EXERCISE INSTRUCTIONS
Render every line of the data exactly as written, and leave out the pictures.

Start of DATA SECTION

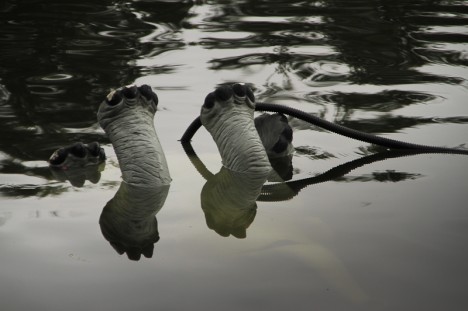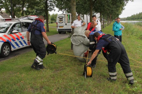 Hoe het dier te water is geraakt, is nog onduidelijk. Waarschijnlijk is het afkomstig uit een voortuin van een bedrijf. De politie stelt een onderzoek in.
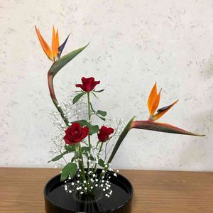 2018年10月1月 今回のお稽古🌼、未生流の基本形、色彩盛花、体用型B。 今回花材、ストレチア、バラ、etc.
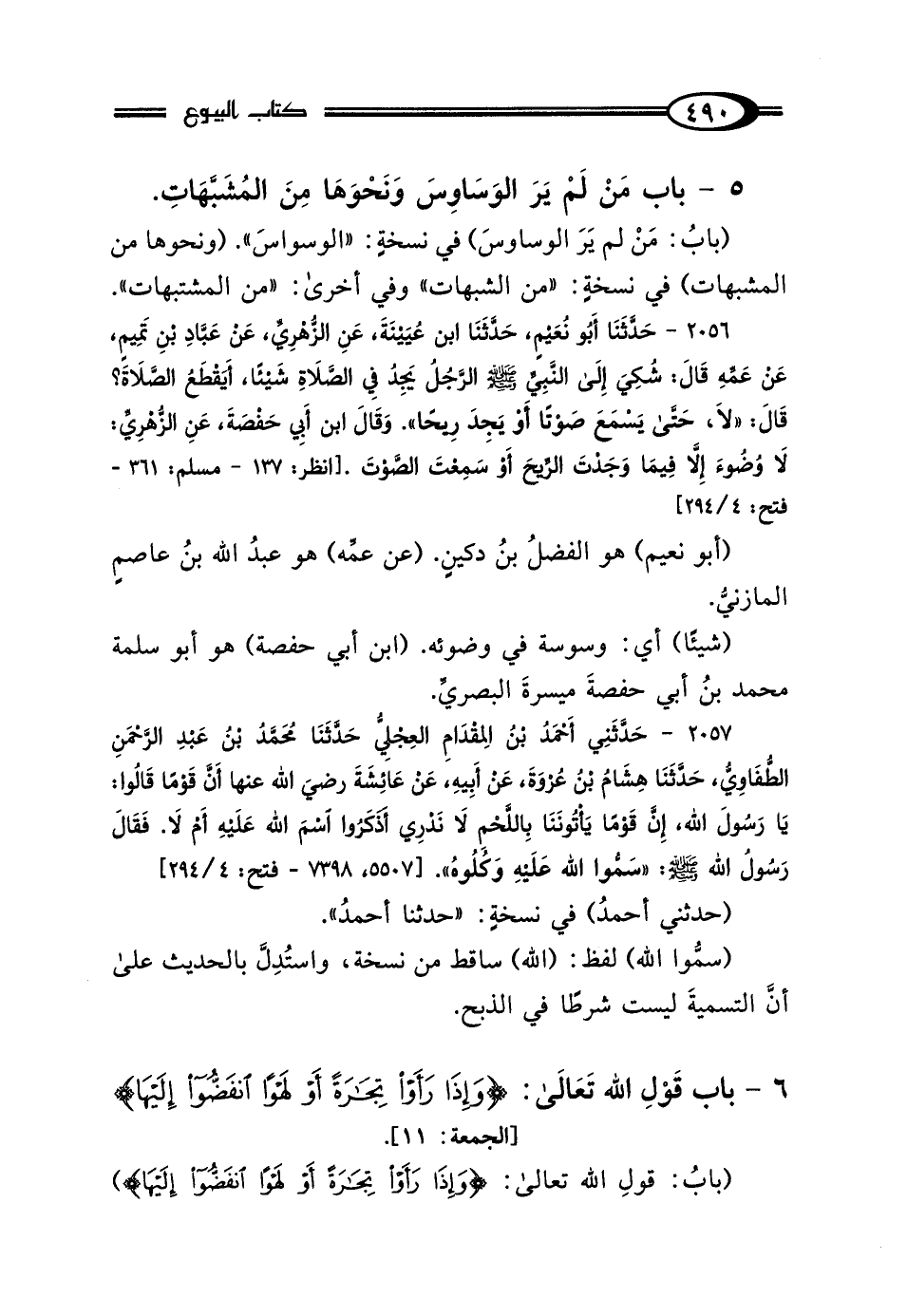 (بابُ: مَنْ لم يَرَ الوساوسَ) في نسخةٍ: "الوسواسَ". (ونحوها من المشبهات) في نسخةٍ: "من الشبهات" وفي أخرى: "من المشتبهات".

End of DATA SECTION

ANSWER BOX
 Hoe het dier te water is geraakt, is nog onduidelijk. Waarschijnlijk is het afkomstig uit een voortuin van een bedrijf. De politie stelt een onderzoek in.
 2018年10月1月 今回のお稽古🌼、未生流の基本形、色彩盛花、体用型B。 今回花材、ストレチア、バラ、etc.
 (بابُ: مَنْ لم يَرَ الوساوسَ) في نسخةٍ: "الوسواسَ". (ونحوها من المشبهات) في نسخةٍ: "من الشبهات" وفي أخرى: "من المشتبهات".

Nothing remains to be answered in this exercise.